IN times of great fear and uncertainty, people will grab at different things to steady themselves. Some feel compelled to make practical arrangements to try to safeguard their families. They are now searching York army surplus shops to buy gas masks.

This quest is prompted by a genuine dread that terrorists will hijack a crop sprayer, fill it with nerve gas and loop-the-loop over Clifford's Tower. Such seemingly abstract anxiety is validated when eminent Leeds University toxicologist Alastair Hay is willing to be photographed by the press in mask, protective suit and gloves. Yesterday he loomed out of the paper and into children's nightmares.

But then, Prof Hay only chose to dress up as doomsday after the esteemed World Health Organisation chose to scare the world's socks off with its alarmist warnings about chemical and biological warfare.

Others are seeking protection not from a gas mask but from a higher power. York Minster was packed for its service of remembrance. Even non-believers have been groping for faith these last two weeks: on Friday, we published an email from an Acomb woman revealing she had said her first prayer on September 11: "I didn't know what else to do."

Yet more, finding no comfort in God, have turned to another figure with a devoted following. Nostradamus: The Complete Prophecies has become the most-ordered volume at Internet bookshop Amazon. Net search engine Google reports a spectacular increase in requests for information on the 16th century astrologer.

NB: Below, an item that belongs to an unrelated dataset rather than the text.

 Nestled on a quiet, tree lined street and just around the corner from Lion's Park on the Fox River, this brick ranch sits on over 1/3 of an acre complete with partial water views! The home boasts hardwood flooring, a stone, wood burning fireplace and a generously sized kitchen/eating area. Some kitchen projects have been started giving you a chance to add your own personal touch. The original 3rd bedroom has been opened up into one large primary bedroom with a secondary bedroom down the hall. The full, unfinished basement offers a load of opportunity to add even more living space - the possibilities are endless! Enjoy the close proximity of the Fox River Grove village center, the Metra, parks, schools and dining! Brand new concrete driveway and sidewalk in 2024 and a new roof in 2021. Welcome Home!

This sudden interest is based on a false rumour: that Nostradamus predicted the attack on the twin towers of the World Trade Centre in New York. Soon after the outrage, someone forwarded this claim to me by email, with the headline: "This is very scary!" His message explained that Nostradamus wrote the following in 1654: "In the City of York there will be a great collapse/Two twin brothers torn apart by Chaos/while the fortress falls. The great leader will succumb/The third big war will begin when the big city is burning."

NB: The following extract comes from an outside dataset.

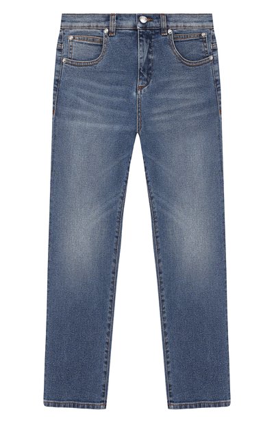 Синие джинсы прямого кроя изготовили из плотного хлопка. Чтобы изделие комфортно садилось по фигуре и не потеряло форму со временем, в состав ткани добавили прочные синтетические волокна. Неравномерный цвет модели подчеркнули словно стертой эмблемой бренда.

Astonishingly, this nonsense was reproduced in some national newspapers as a real story. It has since been noted how even the powers of this "great diviner" were not enough to allow him to still be scribbling 88 years after his death in 1566.

The prophecy was actually created five years ago by a Canadian academic in a paper arguing that if you made up enough vague Nostradamus-like predictions, one was bound to come true eventually. Unfortunately the only one he wrote actually did come true. Which gives Neil Marshall, of Brock University, Ontario, a far better success rate than the big N.

Meanwhile, people have managed to spot heaven and hell making personal appearances at the World Trade Centre attack. The same source who sent me the Nostradamus "quote" followed it up with a picture of the skyscrapers moments after the planes had hit. This showed a pattern of smoke that might, if you took off your glasses and squinted a bit, look a little like a human face. He asked: "The face of God?"

It turns out that a photograph of the same scene from a different angle has resulted in dozens of American newspaper readers suggesting that the smoke had formed "a satanic face".

We Westerners like to think ourselves superior to the rest of the world's people and their quaint belief systems. But when terrified, we are as superstitious and wild-minded as anyone.

The American devastation was caused by man and man alone. Not by the devil; not by that fraudster Nostradamus. And the dangers it has brought will not be resolved by God or Nostradamus; but by man, and man alone.